La dura infanzia di Terence Hill: sotto le bombe di Dresda e a piedi fino all’Umbria

L’attore, alla soglia degli ottant’anni, ha svelato i suoi ricordi della guerra, spiegando di essere arrivato con la famiglia in Italia portando in mano tutto quello che aveva

Dietro la malizia dolce di Mario Girotti in arte Terence Hill — dietro le sue performance sottovalutate di cowboy spaghettaro ante litteram, o quelle stranote al fianco di Bud Spencer fino alle più recenti nei panni soavi e stra-nazional-pop di Don Matteo — c’è un’infanzia dura, la più dura che si possa immaginare. Sul numero di Oggi in edicola, l’attore racconta che alla soglia degli ottant’anni (li compie in marzo) quei ricordi riaffiorano con forza: «Fino ai sei anni ho parlato solamente tedesco. Mia madre veniva dalla Sassonia. Io sono cresciuto a Lommatzsch, vicino a Dresda». La città fu rasa al suolo dai bombardamenti alleati: «Non ne parlo volentieri. Con mia madre ci siamo nascosti in cantina. Da lì potevamo vedere che il cielo sopra Dresda era totalmente rosso. Mio padre lavorava come chimico in una fabbrica e da una settimana non ne avevamo notizie. Avevamo paura. Finché un giorno un fratello di mia madre prese la bicicletta per cercarlo.

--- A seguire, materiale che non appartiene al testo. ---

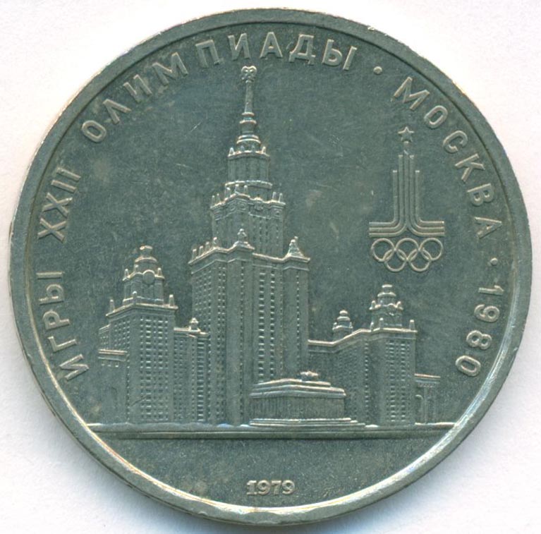 Памятная монета, приуроченная к проведению XXII летних Олимпийских игр в Москве, 1980 год. Здание МГУ.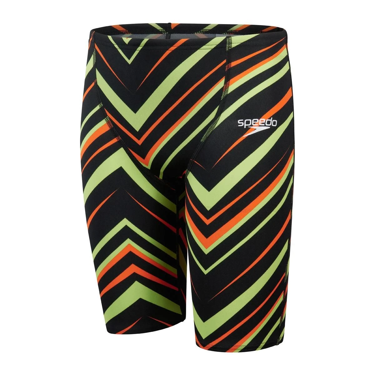 swimmers. Built for competing, its low profile flat lock seams reduce irritation, and its 4-way stretch fabric ensures comfort, allowing you to focus on your race. The bold all-over chevron print means you’ll stand out on the blocks. It’s designed to last and withstand everything your race day swim sessions throw at it.

Lo trovò in un bosco dove si era nascosto». Dopo la guerra il ritorno in Italia, il paese del padre e in cui Mario-Terence era nato (nel 1939 a Venezia): era il 1947 e «quando ha ricevuto un’offerta di lavoro, ci siamo trasferiti in Umbria. Abbiamo fatto tutta questa distanza a piedi, portando tutto quanto possedevamo in mano». Vent’anni dopo, a Roma, l’incontro con la moglie Lori: «Una settimana dopo è partita con me per Almeria per aiutarmi con la lingua americana. Quando due mesi dopo le riprese finirono, ci sposammo… C’era qualcuno che diceva che non poteva durare dopo così poco tempo. Ma noi abbiamo rischiato e adesso siamo sposati da ben 51 anni».